● DATA PROVIDED:
--
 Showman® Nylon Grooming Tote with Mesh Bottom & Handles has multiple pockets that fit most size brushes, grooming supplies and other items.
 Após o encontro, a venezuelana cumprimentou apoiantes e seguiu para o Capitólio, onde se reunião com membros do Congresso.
--
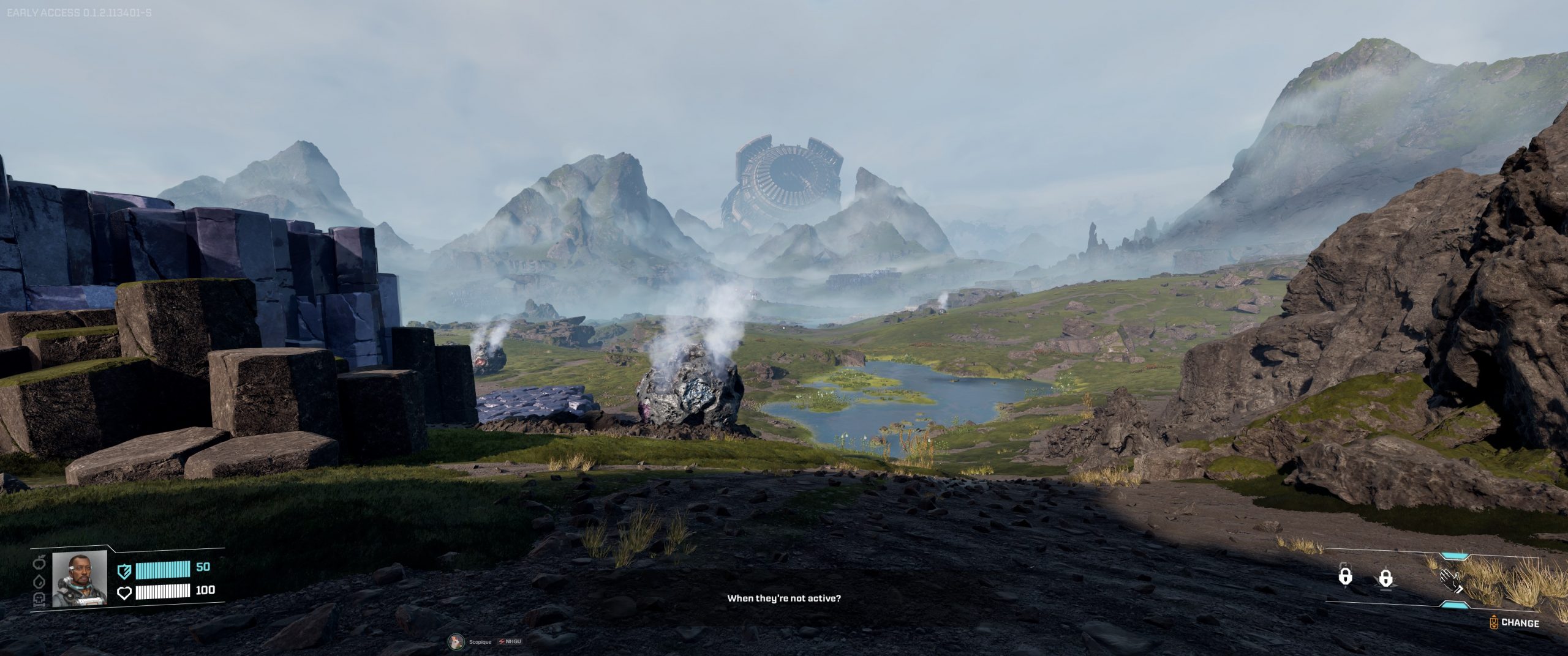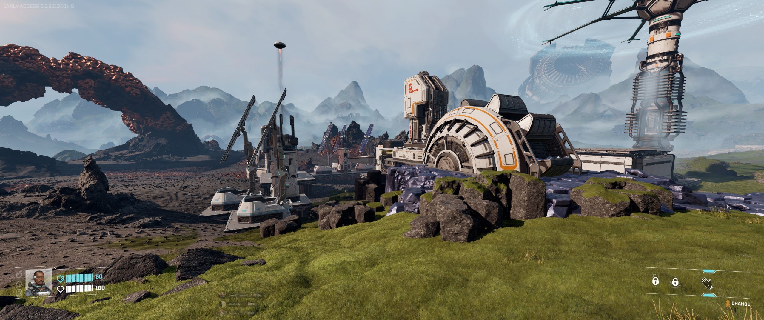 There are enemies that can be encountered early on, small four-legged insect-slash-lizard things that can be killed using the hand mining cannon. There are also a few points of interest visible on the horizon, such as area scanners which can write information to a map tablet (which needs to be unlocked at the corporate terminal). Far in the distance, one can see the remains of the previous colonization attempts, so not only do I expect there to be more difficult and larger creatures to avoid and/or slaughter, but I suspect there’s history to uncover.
--
● WHAT IS NEEDED: Taking the records above, retype every line from the one with "Showman® Nylon Grooming" down to the one with "Após o encontro, a", exactly and with nothing else.

● ANSWER FOR THIS EXERCISE:
 Showman® Nylon Grooming Tote with Mesh Bottom & Handles has multiple pockets that fit most size brushes, grooming supplies and other items.
 Após o encontro, a venezuelana cumprimentou apoiantes e seguiu para o Capitólio, onde se reunião com membros do Congresso.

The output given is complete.